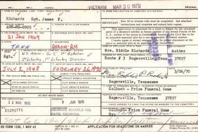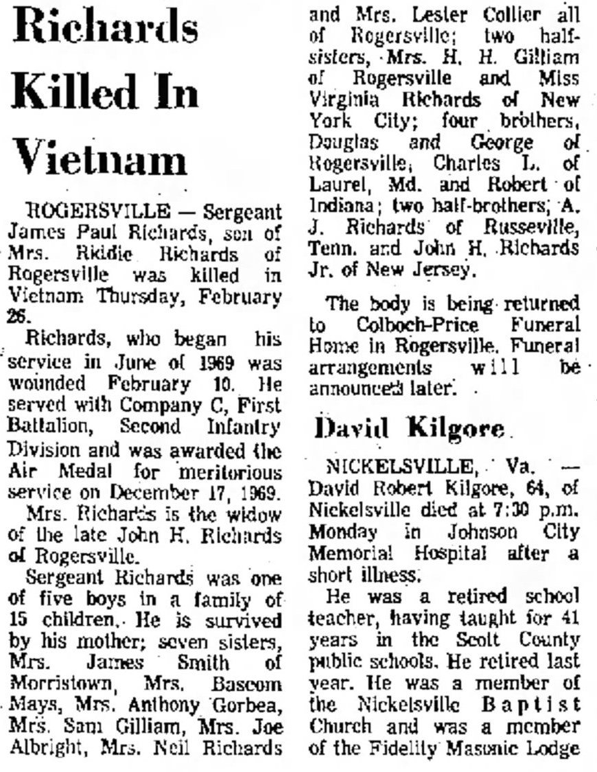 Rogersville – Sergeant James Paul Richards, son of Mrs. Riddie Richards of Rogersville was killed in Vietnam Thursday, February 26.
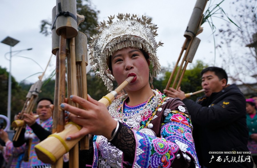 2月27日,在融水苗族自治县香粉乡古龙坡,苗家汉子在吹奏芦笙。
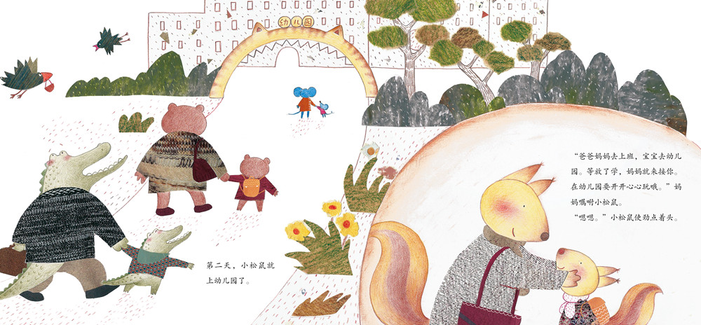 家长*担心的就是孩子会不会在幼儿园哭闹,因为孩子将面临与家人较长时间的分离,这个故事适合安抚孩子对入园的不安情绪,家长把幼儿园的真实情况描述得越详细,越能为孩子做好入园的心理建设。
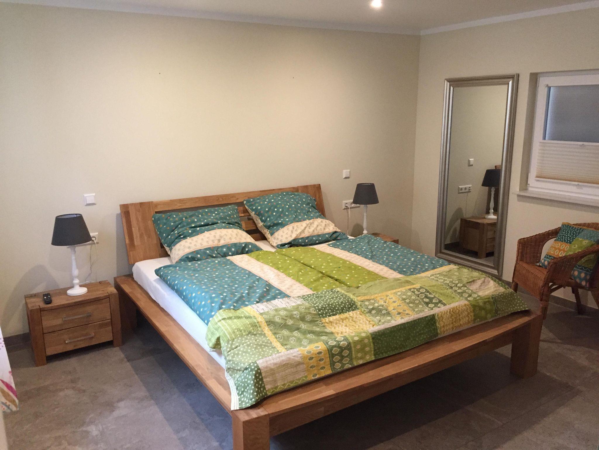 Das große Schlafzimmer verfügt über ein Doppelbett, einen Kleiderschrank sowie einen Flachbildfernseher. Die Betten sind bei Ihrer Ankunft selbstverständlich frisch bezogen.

__Exercise aim__
When you repeat the lines above, keep them exact and leave out each image they contain.

__Result for this task__
 Rogersville – Sergeant James Paul Richards, son of Mrs. Riddie Richards of Rogersville was killed in Vietnam Thursday, February 26.
 2月27日,在融水苗族自治县香粉乡古龙坡,苗家汉子在吹奏芦笙。
 家长*担心的就是孩子会不会在幼儿园哭闹,因为孩子将面临与家人较长时间的分离,这个故事适合安抚孩子对入园的不安情绪,家长把幼儿园的真实情况描述得越详细,越能为孩子做好入园的心理建设。
 Das große Schlafzimmer verfügt über ein Doppelbett, einen Kleiderschrank sowie einen Flachbildfernseher. Die Betten sind bei Ihrer Ankunft selbstverständlich frisch bezogen.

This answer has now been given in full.